Large language model (LLM) AIs like ChatGPT have captured the public’s attention in recent months, as users find creative new ways to use the technology.
It seems like LLMs, which can mimic human intelligence, are having a moment, but in reality, the moment will stretch into years as they keep getting smarter and more powerful.
The continual, rapid advancement of AI has generated a much-needed, and perhaps overdue, debate about the possible benefits and potential dangers of powerful AI models. AI has the promise to accomplish a bunch of great things, such as modeling ways to deal with climate change or finding cures for diseases like cancer.
However, many smart and informed people have also raised a number of serious concerns about AI, with some focused on the technology replacing jobs, distributing biased data, and otherwise contributing to a systemic erosion of trust by spreading disinformation and helping people create ever-more convincing deep fake videos or audio files, a topic I’ll address in a later blog post.
I understand these specific concerns about the future of AI, but on more of a 1,000-foot level, I’d suggest that we don’t really understand the scale and the scope of the problems related to LLMs.
Some U.S. politicians and AI experts are calling for regulation and recommending that the U.S. create an AI licensing or approval process.
It’s important that we’re now having a discussion about the potential downsides to ever-more powerful AI models being deployed, but we shouldn’t lose sight of the tremendous potential benefits of this technology. We also need to be aware of the context in which these discussions are taking place and the specialized knowledge required to understand AI.
One issue is that it will be difficult for members of the U.S. Congress to keep up with the technology and the nuances of the debate over AI, given the rapid pace of development. Most members of Congress aren’t technology experts, and the discussion over AI demands a level of knowledge that’s in short supply. We don’t have the people with the necessary skills to deal with something advancing so quickly.

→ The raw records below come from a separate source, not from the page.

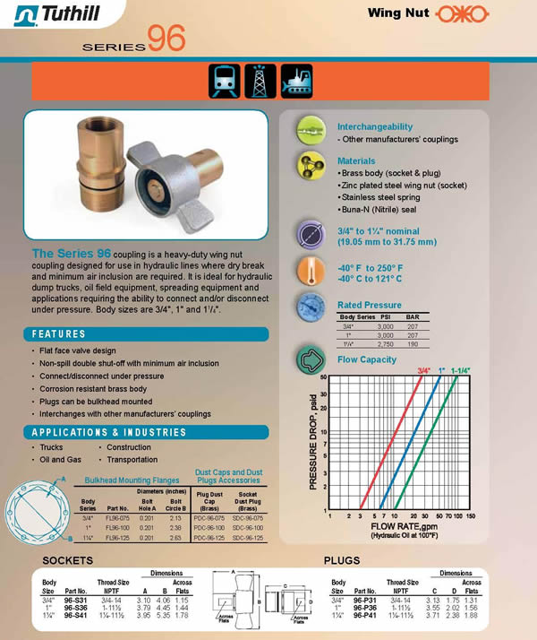 Hansen Series 96 is a heavy-duty wing nut coupling designed for use in hydraulic lines where dry break and minimum air inclusion are required. It is a connect / disconnect under pressure coupling. Body sizes are 3/4”, 1" and 1”1/4 and the materials are in brass and steel for corrosion resistance and durability. The working pressure is up to 200 bar / 3,000 psi. These couplings are used in many hydraulic applications in the Oil & Gas industry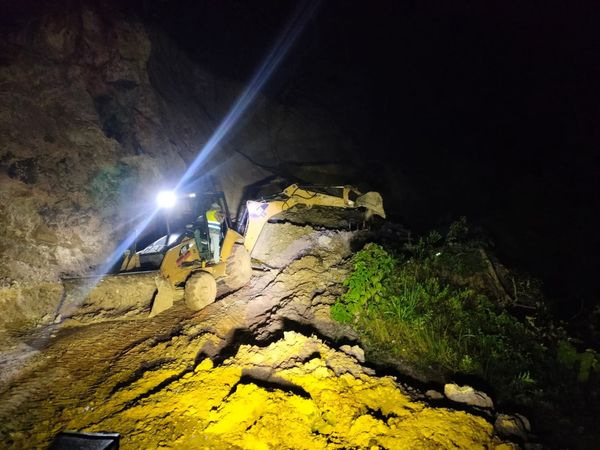 Chilpancingo, Gro., 29 de septiembre de 2024. La madrugada de este domingo, trabajando para ofrecer caminos seguros para el traslado de las familias y los servicios, la brigada operativa de la Secretaría de Desarrollo Urbano, Obras Públicas y Ordenamiento Territorial, continuó con los trabajos de remoción de escombros y liberación de tramos carreteros en el camino que lleva a la comunidad de Llanos de Tepoxtepec en Chilpancingo.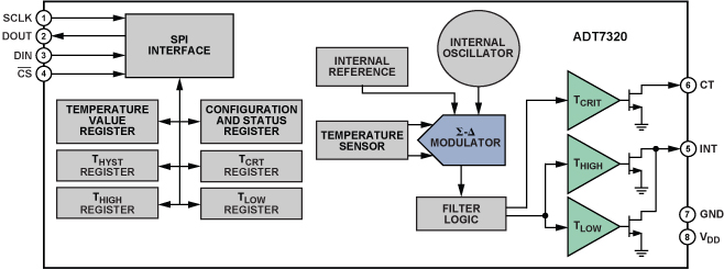 校正非線性度:ADT7320在整個額定溫度范圍(–40°C至+125°C)內(nèi)呈現(xiàn)出色的線性度,不需要用戶校正或校準。因而其數(shù)字輸出可視為參考接合點狀態(tài)的精確表示。
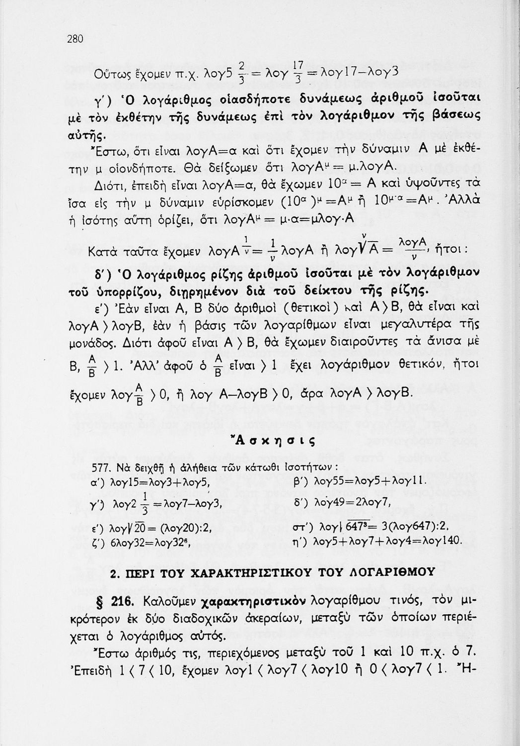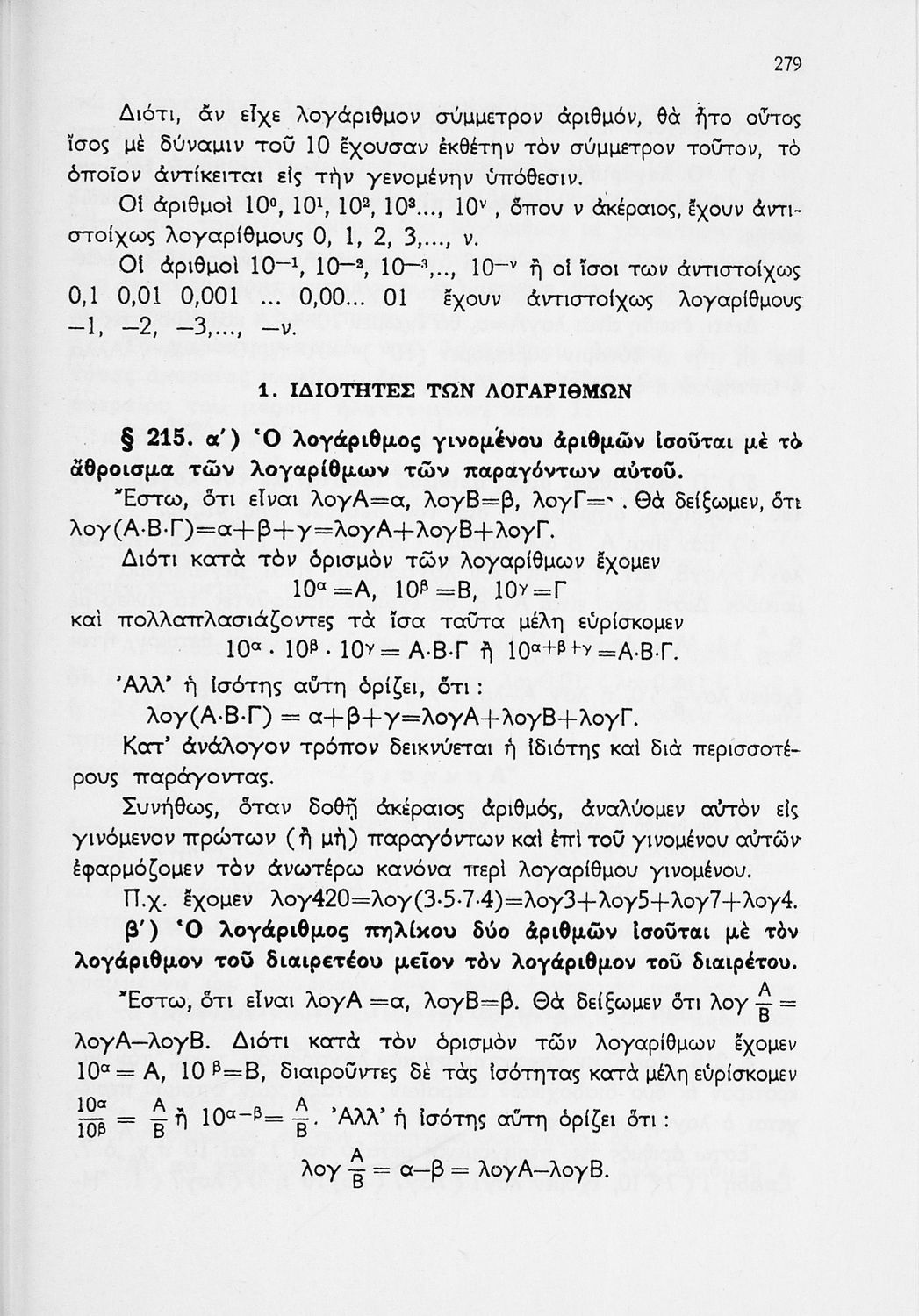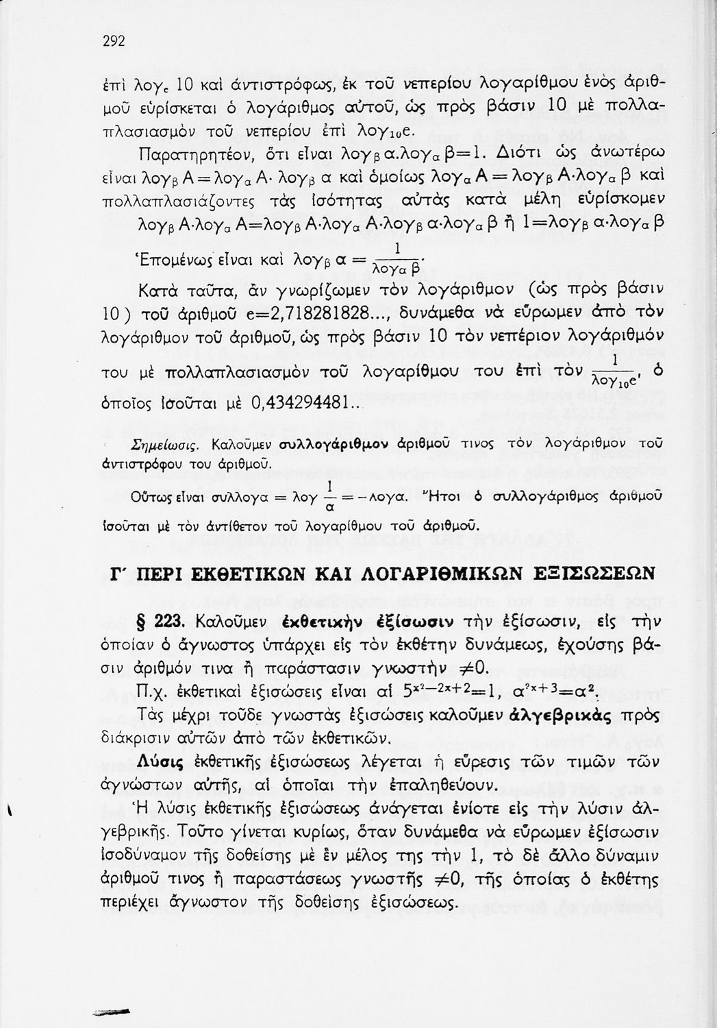 Παρουσίαση περιεχομένου: Σχολικό εγχειρίδιο Άλγεβρας Δ΄ Γυμνασίου που εστιάζει στις ιδιότητες των αριθμών, στις εξισώσεις, στους λογάριθμους και στις παραγώγους. Ο συγγραφέας ήταν καθηγητής στο Πανεπιστήμιο. Φέρει το σύμβολο της δικτατορίας.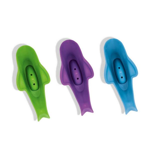 Laissez les trois poissons plonger dans le bain chaud et regardez la couleur des poissons ! Le poisson vert devient jaune, le violet devient rose et le bleu devient blanc ! avec ces trois poissons aux couleurs changeantes, tu vas t'amuser pendant des heures dans le bain. Tu peux les empiler, les echanger l'un apres l'autre, mais aussi les utiliser comme une pelle ou une passoire. Dans l'eau chaude du bain, ils ont toujours une couleur differente de celle de l'exterieur, magique !

Moreover, for Congress to draw up regulations, it will have to depend on the expertise of the people working in the AI industry, and that’s the classic fox-guarding-the-henhouse scenario.
Another issue is that in many ways, those advocating for regulations may be already playing catch-up. While companies like Microsoft, Google and ChatGPT creator OpenAI get a lot of the public attention, AI is advancing rapidly around the world, and there are dozens of large-language AI models being built as we speak, and some can be deployed on personal computers.
Take a look at the oddly named Hugging Face website: It currently has posted evaluations of effectiveness of more than 90 large-language model AIs and chatbots that are already built, with dozens of others in a queue to be tested.
So the question for potential regulators is whether they can put the genie back in the bottle after large-language model AIs are deployed widely on personal computers. How can Congress tell users that their already deployed technology is suddenly illegal or at least unlicensed? Perhaps the state of Montana, which recently banned TikTok, will provide an indication of how a ban on LLM AIs might play out.
Beyond the high-level concerns about how AI is developing, the security executive in me focuses on the privacy and data-sharing implications of these LLM AIs. We’ve recently heard concerns from companies about their employees sharing trade secrets or other confidential business information with ChatGPT and similar AI tools.
As a result, ExtraHop is taking action to help companies deal with potential AI data leakage. In mid-May, we released a new capability in our Reveal(x) network detection and response platform that provides customers with visibility into the devices and users on their networks that are connecting to OpenAI domains and the amount of data they are sharing. This visibility allows organizations to assess the risk involved with employee use of these tools and audit compliance with policies governing their use.
However, as LLM use accelerates and developers release more AI-as-a-service tools, there are more issues to think about: specifically, what happens when those models start to make decisions about what data they share with each other?
The problem is that these models lack human judgment, and the makers of these AIs have an incentive to create services that share data, as a mutually beneficial transaction that allows each of them to get smarter.
Unless developers specifically build privacy rules into these AI models, there is no one to stop LLM A from talking to LLM B. Right now, we don’t have rules to stop that from happening, and the AIs will have to trust and monitor each other. I’m not convinced that’s a good solution.
Whether we’re thinking about specific issues like data sharing, or the larger AI landscape, it’s past time to have a serious discussion about the future of LLMs.